### [Work order]
Return exactly the lines of the data below, from the one that contains "今(2025)第11號颱風「" through the final line, and leave out every picture.

### [Data supplied]
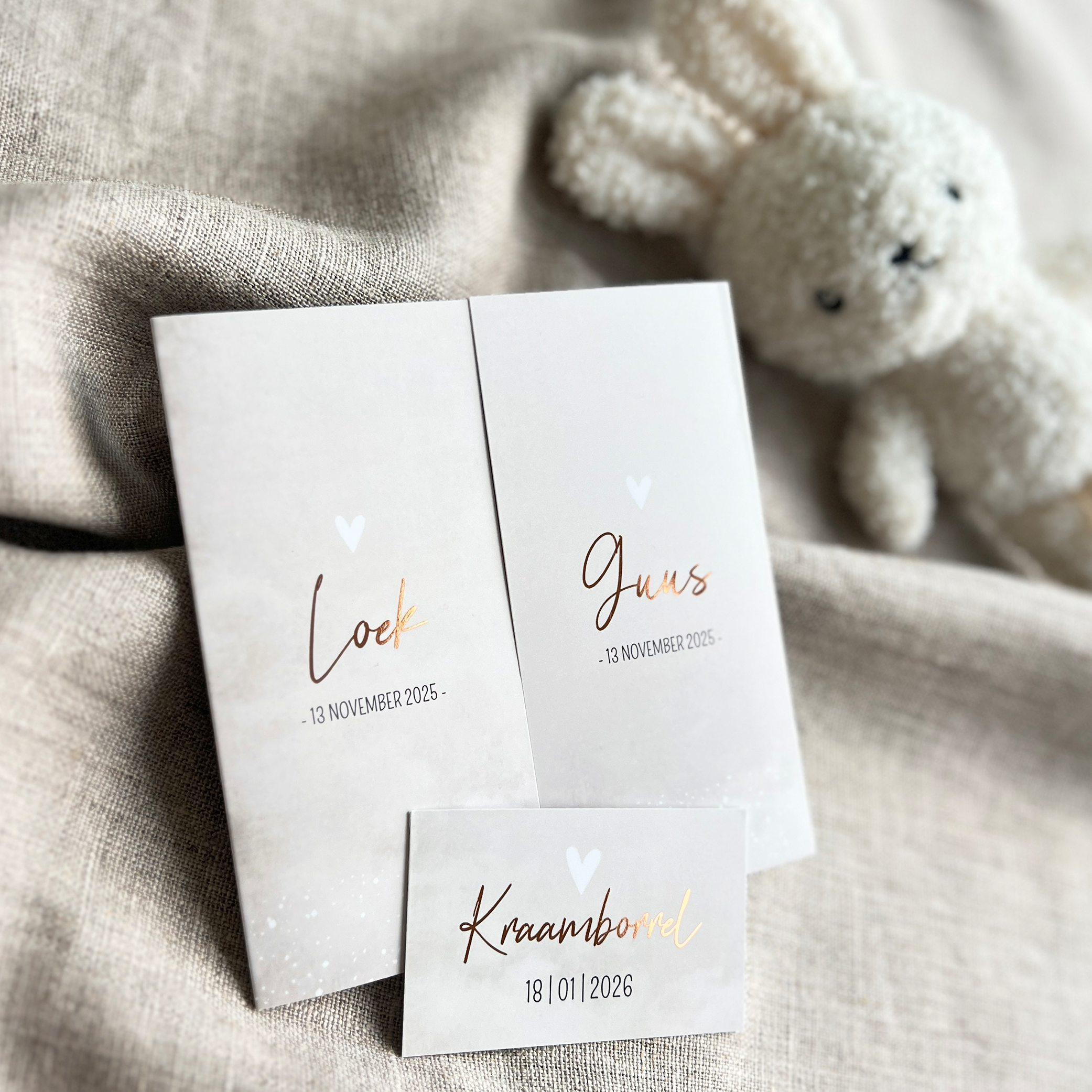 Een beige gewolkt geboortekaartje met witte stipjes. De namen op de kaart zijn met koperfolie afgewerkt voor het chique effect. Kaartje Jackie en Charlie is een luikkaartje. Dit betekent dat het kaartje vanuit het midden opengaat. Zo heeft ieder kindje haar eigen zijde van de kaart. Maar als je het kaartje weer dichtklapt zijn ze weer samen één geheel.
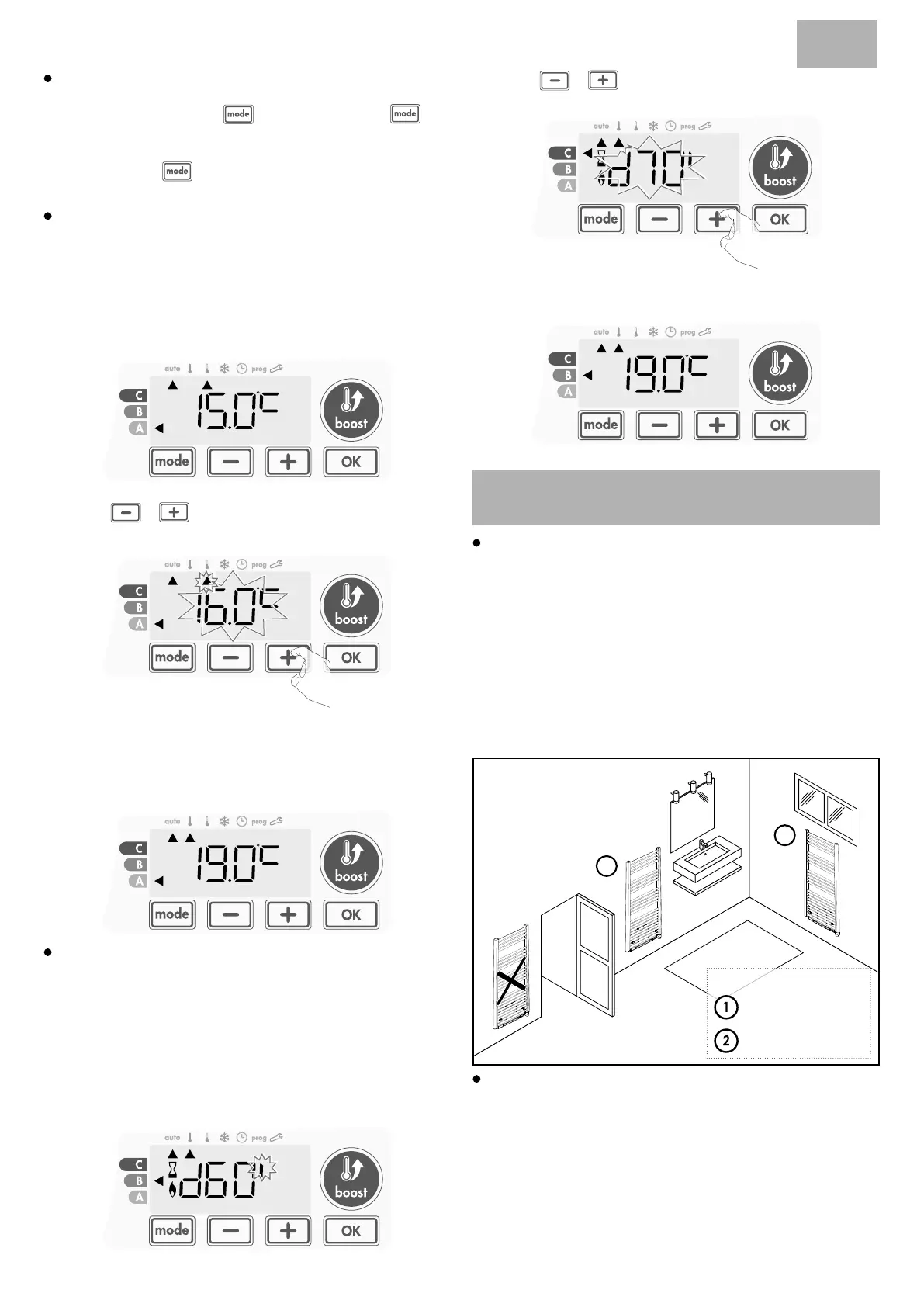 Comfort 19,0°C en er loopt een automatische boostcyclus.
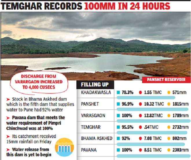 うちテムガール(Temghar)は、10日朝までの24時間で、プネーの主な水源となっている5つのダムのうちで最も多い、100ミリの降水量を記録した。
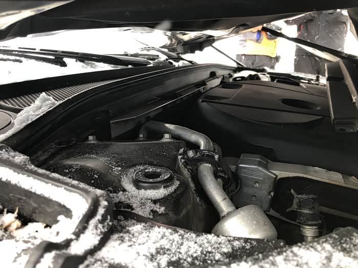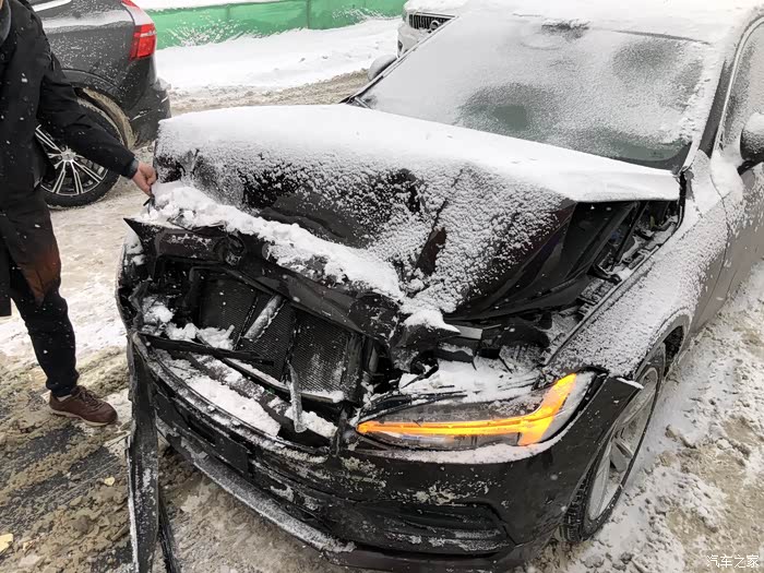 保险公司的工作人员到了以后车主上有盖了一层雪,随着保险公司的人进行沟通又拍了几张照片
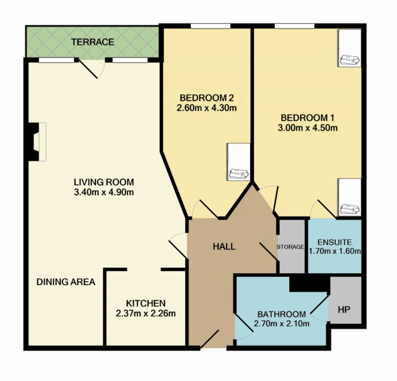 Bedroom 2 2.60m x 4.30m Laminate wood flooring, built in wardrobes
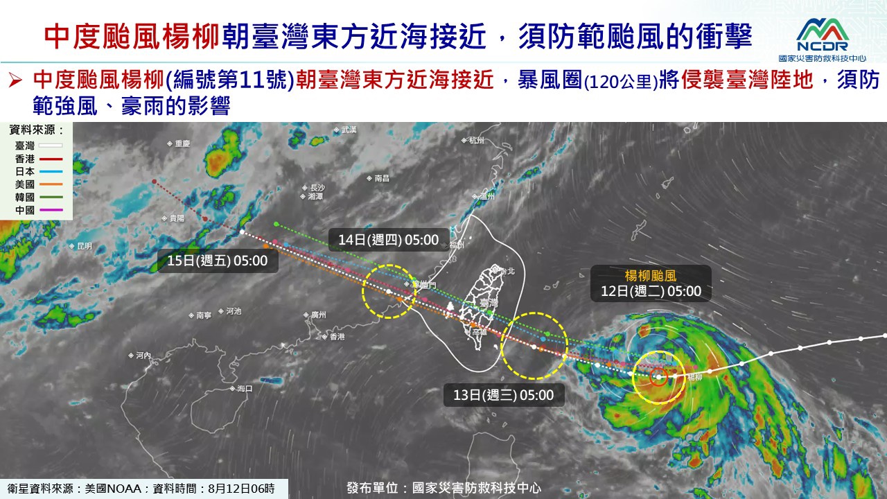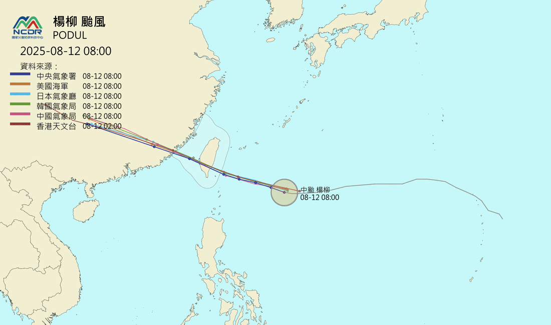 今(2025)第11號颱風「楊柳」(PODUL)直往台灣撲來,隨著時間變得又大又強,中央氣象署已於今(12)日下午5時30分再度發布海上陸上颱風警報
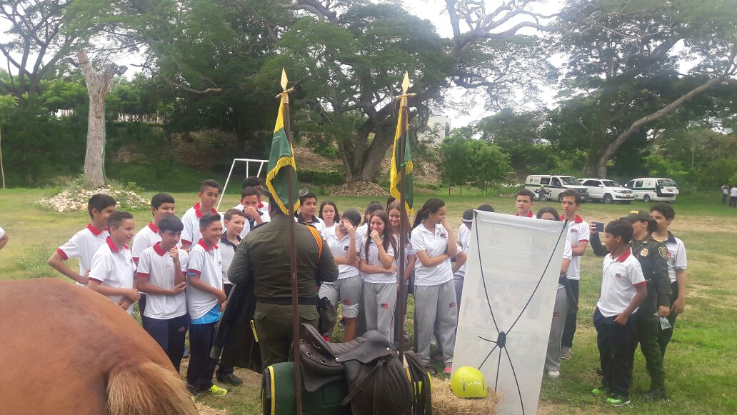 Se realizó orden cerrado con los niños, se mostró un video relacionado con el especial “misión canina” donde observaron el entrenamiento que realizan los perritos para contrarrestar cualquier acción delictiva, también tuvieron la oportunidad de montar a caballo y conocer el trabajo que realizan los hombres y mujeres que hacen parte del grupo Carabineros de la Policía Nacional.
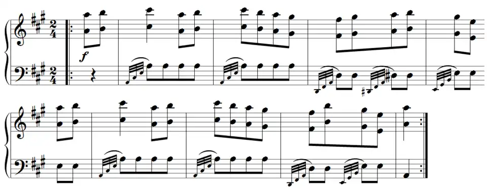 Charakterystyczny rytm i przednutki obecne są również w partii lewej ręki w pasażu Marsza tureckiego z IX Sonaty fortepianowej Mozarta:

### [Finished exercise]
 今(2025)第11號颱風「楊柳」(PODUL)直往台灣撲來,隨著時間變得又大又強,中央氣象署已於今(12)日下午5時30分再度發布海上陸上颱風警報
 Se realizó orden cerrado con los niños, se mostró un video relacionado con el especial “misión canina” donde observaron el entrenamiento que realizan los perritos para contrarrestar cualquier acción delictiva, también tuvieron la oportunidad de montar a caballo y conocer el trabajo que realizan los hombres y mujeres que hacen parte del grupo Carabineros de la Policía Nacional.
 Charakterystyczny rytm i przednutki obecne są również w partii lewej ręki w pasażu Marsza tureckiego z IX Sonaty fortepianowej Mozarta:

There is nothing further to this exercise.